Indian budget airline SpiceJet posted its second consecutive loss in the June quarter, as leisure travel demand on some routes slumped during the worst India-Pakistan fighting in decades.
The troubled airline reported a loss of 2.35 billion rupees ($26.6 million) in the April-June period, compared to a profit of 1.5 billion rupees a year before.
Ties between India and Pakistan worsened after an April attack in Kashmir that New Delhi blamed on Islamabad, prompting airport closures in northwest India and a shutdown of Pakistani airspace to Indian carriers. Pakistan has denied any involvement.

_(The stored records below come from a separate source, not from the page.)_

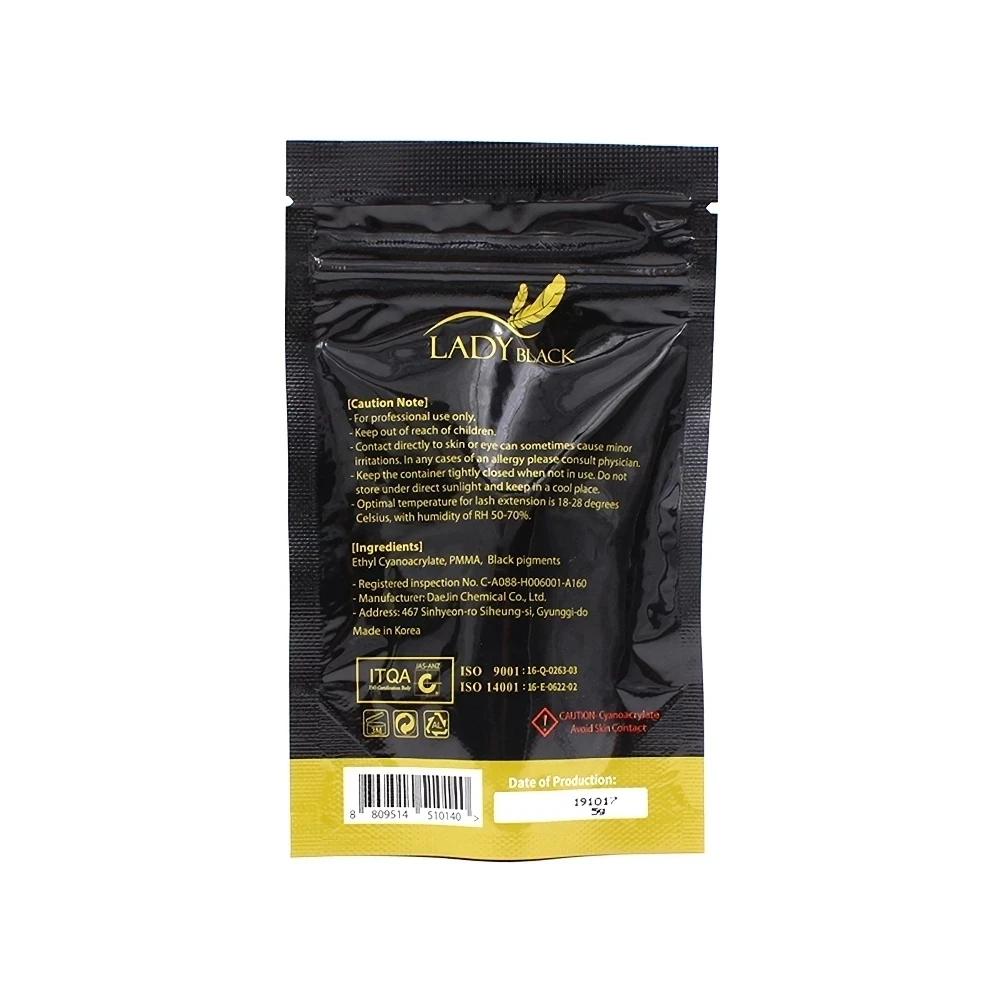 Особенности:* Lady Black-сертифицированный клей KC для наращивания ресниц.* Время сушки клея быстрее и чувствительность раздражения исчезла без улучшенного продукта. Профессионалы с быстрыми и точными руками полюбят этот клей!* Женский черный клей имеет низкое раздражение, но остается более 4 недель, как и другой сильный раздраженный клей. Уменьшая вязкость делает клей гибким без каких-либо трещин.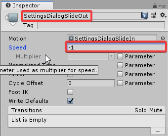 В иерархии вам нужно выбрать SettingsDialog и открыть меню Animator. Скопируйте и вставьте в поле значение SettingsDialogSlideIn. Переименуйте дубликат в SettlingsDialogSlideOut и установите для него значение скорость=-1.
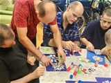 Под руководством сотрудников, участники мастер-класса наклеивали заранее подготовленные снежинки на листы синего картона. В результате получились прекрасные композиции, напоминающие зимнее ночное небо, усыпанное белыми снежинками. Данное мероприятие способствовала развитию мелкой моторики рук, а также стимулировала творческое воображение и фантазию участников.

Quarterly revenue fell about 35% to 11.06 billion rupees.
SpiceJet also said a delay in returning its grounded aircraft to service added to its woes.
The carrier has signed multiple settlement agreements in recent years to resolve disputes with lessors and others but has still struggled to expand capacity.
As of March-end, it had only 25 operational aircraft, fewer than half of its 61-jet fleet.
The limited scale has allowed Akasa, one of India's youngest airlines, to overtake SpiceJet as the country's No. 3 carrier by market share, with 5.5% versus SpiceJet's 2% in the world's third-largest aviation market.
SpiceJet's net worth improved to positive 4.46 billion rupees in the first-quarter, compared to negative 23.98 billion rupees in the year-ago period, it said.